WHAT IS NEEDED: Exact reproduction of the listing is required. Pictures are not reproduced.

BEGIN MATERIAL PROVIDED

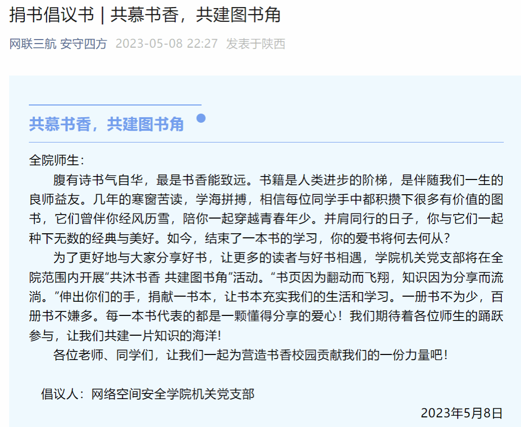 为进一步推进书香校园建设,打造高质量的学院公共文化服务体系,学院机关党支部于5月16至17日在学院图书角举办了“共慕书香,共建图书角”捐书活动,活动开展以来得到了全院师生的广泛参与,机关党支部对积极参与的师生赠送了相关书籍。
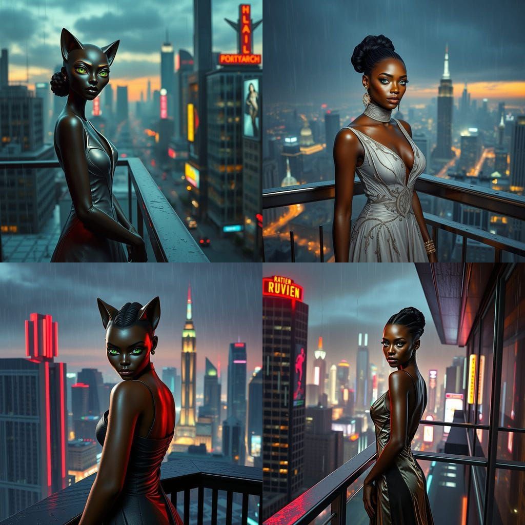 This image shows a striking head and shoulders portrait of an elegant woman with piercing green eyes, crafted from clay. She stands on a rain-slicked balcony overlooking a futuristic cityscape in a hyperrealistic, cinematic style with dramatic lighting.
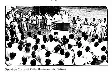 According to the book written by Kamarudin Jaffar, Dr. Burhanuddin Al Helmy: Malay and Islamic politics, Dr Burhanuddin has led the Malayan delegation in this conference. The presence of Dr. Burhanuddin, who holds the position of PKMM Advisor, has opened the opportunity for him to meet and discuss movements against colonialism together with the independence leaders of Asian countries.[17] Based on the sources of information, several conclusions can be made that the flag of the Young Malay Union Association, nicknamed Sang Saka Malaya, was first designed in 1947, but its design was not the same as that carried by the participants in the Promise of Democracy.[15][16]
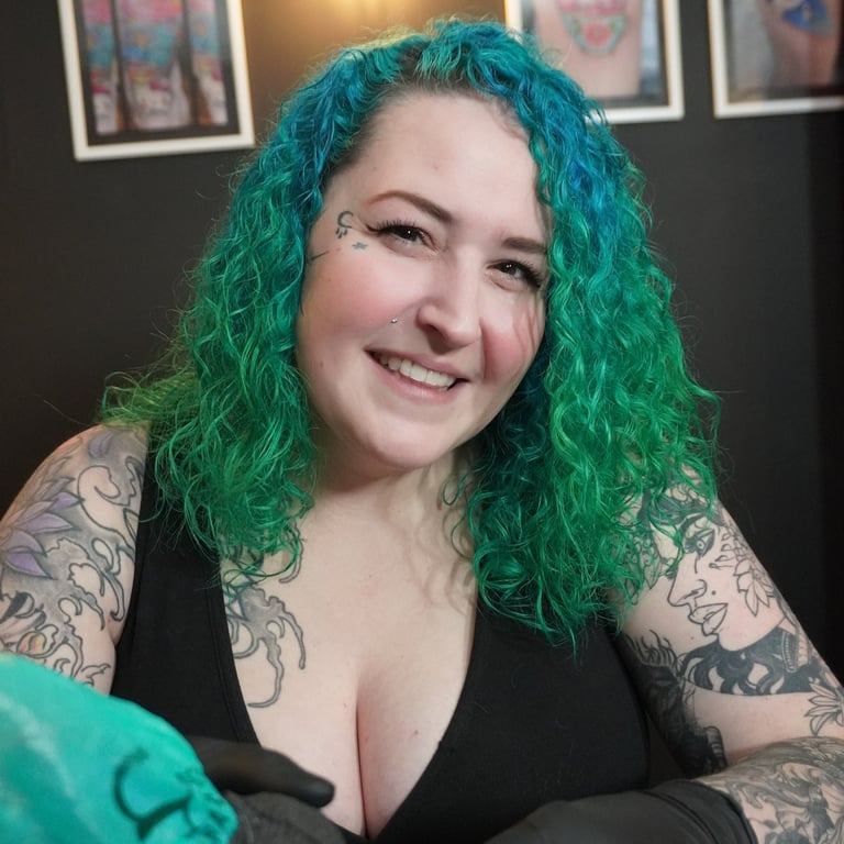 Alexandra specializes in color tattooing, adopting varied styles such as animation, realism, fine line, floral, dot work, mandalas and delicate lettering, while mastering black and gray

END MATERIAL PROVIDED

THE COMPLETED TASK:
 为进一步推进书香校园建设,打造高质量的学院公共文化服务体系,学院机关党支部于5月16至17日在学院图书角举办了“共慕书香,共建图书角”捐书活动,活动开展以来得到了全院师生的广泛参与,机关党支部对积极参与的师生赠送了相关书籍。
 This image shows a striking head and shoulders portrait of an elegant woman with piercing green eyes, crafted from clay. She stands on a rain-slicked balcony overlooking a futuristic cityscape in a hyperrealistic, cinematic style with dramatic lighting.
 According to the book written by Kamarudin Jaffar, Dr. Burhanuddin Al Helmy: Malay and Islamic politics, Dr Burhanuddin has led the Malayan delegation in this conference. The presence of Dr. Burhanuddin, who holds the position of PKMM Advisor, has opened the opportunity for him to meet and discuss movements against colonialism together with the independence leaders of Asian countries.[17] Based on the sources of information, several conclusions can be made that the flag of the Young Malay Union Association, nicknamed Sang Saka Malaya, was first designed in 1947, but its design was not the same as that carried by the participants in the Promise of Democracy.[15][16]
 Alexandra specializes in color tattooing, adopting varied styles such as animation, realism, fine line, floral, dot work, mandalas and delicate lettering, while mastering black and gray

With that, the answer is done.